Un’ampia serie di servizi gratuiti rivolti alla cittadinanza ed inquadrati in quattro categorie principali di intervento:

‘Pratiche di sostegno alla salute e al benessere della persona’ tra le quali spiccano la possibilità di ritiro ricette mediche compilate, il ritiro e consegna a domicilio di farmaci e parafarmaci, l’accompagnamento delle persone a visite e/o esami specialistici anche al di fuori del territorio comunale e la fase di ascolto, telefonico o in presenza, ad opera di operatori o volontari formati;

‘Pratiche di sostegno alla soddisfazione di bisogni primari’ quali il supporto nel fare la spesa con ordinazione e consegna delle provviste a domicilio o l’accompagnamento della persona presso il negozio prescelto, il reperimento di prodotti per piccole riparazioni domestiche e l’esecuzione delle stesse a livello ordinario;

‘Pratiche di sostegno all’utilizzo di strumenti informatici, anche a domicilio’ come assistenza per utilizzo PC, per l’acquisizione di identità digitale, per la consultazione del fascicolo sanitario elettronico, per il pagamento bollette ed altre utenze;

‘Pratiche di sostegno nella crescita di una comunità autoriparatrice e solidale’ che portano all’attivazione di uno sportello per la cittadinanza dove reperire informazioni e sostegno nel disbrigo di pratiche burocratiche e per l’orientamento a servizi specialistici ed enti del terzo settore. Creazione di sinergie gratuite per scambio competenze tra i partecipanti (Es. lezioni di cucina, baby sitting, ripetizioni scolastiche…) e alimentare la ‘Banca della Memoria’ raccogliendo testimonianze, racconti, documenti e fotografie del territorio. E ancora: documentare le strategie e le azioni messe in campo per arginare l’emergenza sanitaria pandemica, organizzare e condurre gruppi di auto mutuo aiuto per contrastare fenomeni di isolamento e solitudine e per condividere eventi cruciali nel percorso di vita nonché l’allestimento e la gestione di uno spazio aperto alla cittadinanza destinato ad attività ludiche, ricreative e culturali.

Tutto questo puntando forte sull’ausilio e sul reclutamento di volontari che per l’Associazione ‘G.Rambaldi’ per l’Impegno Sociale  – APS hanno punto di ritrovo presso la sede nel Centro polivalente comunale di piazza Libertà a Toscanella (Telefono e WhatsApp 331/3306373 – 388/7936644 Mail: enoicisiamo@gmail.com) il lunedì ed il sabato mattina dalle ore 10 alle 12 ed il mercoledì pomeriggio dalle ore 15 alle 18.

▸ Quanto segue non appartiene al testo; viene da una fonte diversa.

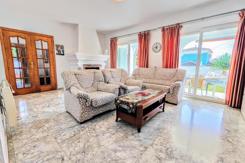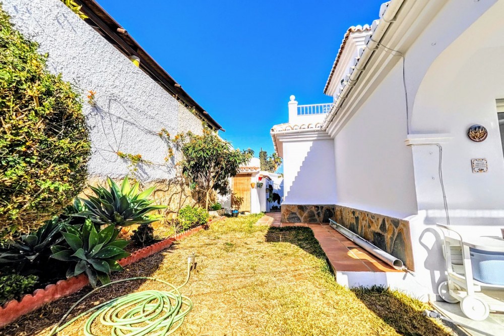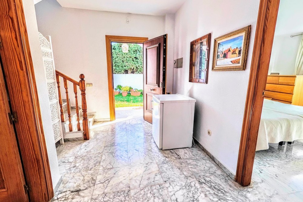 - DETACHED HOUSE WITH A PLOT OF 636 M2 IN THE HEART OF BENALMÁDENA COSTA IN THE PLAZA SOLYMAR AREA LESS THAN 500 METERS FROM PUERTO MARINA. It is distributed on two floors: The main floor is distributed with a large living room with a large window with direct access to the pool area. Fully furnished and equipped independent kitchen. 1 exterior double bedroom. 1 full bathroom with shower. Large entrance hall with storage areas. On the second floor we find 3 large double bedrooms, the master bedroom with an en-suite bathroom and two of them with a terrace. 2 full bathrooms. The land has large gardens and a swimming pool and a storage room. The house also has an interior garage, low consumption electric heating and fireplace in the living room.

Il progetto, in questi giorni, è oggetto di una mirata campagna informativa sul territorio comunale da parte dell’ente.

“Siamo davvero soddisfatti di poter annunciare l’avvio, sul nostro territorio comunale, di una moltitudine di servizi sociali, avanzati e gratuiti, dedicati alla cittadinanza – commenta il sindaco di Dozza, Luca Albertazzi -. La preziosa disponibilità dei volontari dell’Associazione Rambaldi ha consentito di rendere strutturale, a prescindere dall’evoluzione della crisi sanitaria, un’esperienza di avanguardia mirata a far sì che nessun membro della nostra comunità possa sentirsi solo di fronte ad una eventuale situazione di necessità. I servizi allestiti sono a disposizione di tutti i cittadini e costituiscono un’eccellenza sotto il profilo della solidarietà e del mutuo sostegno tra i membri di una stessa comunità. Un sentito ringraziamento va ai nostri volontari. Grazie a loro possiamo essere protagonisti, tutti insieme, di un’esperienza unica nel suo genere che potenzia notevolmente l’offerta rivolta alla cittadinanza”.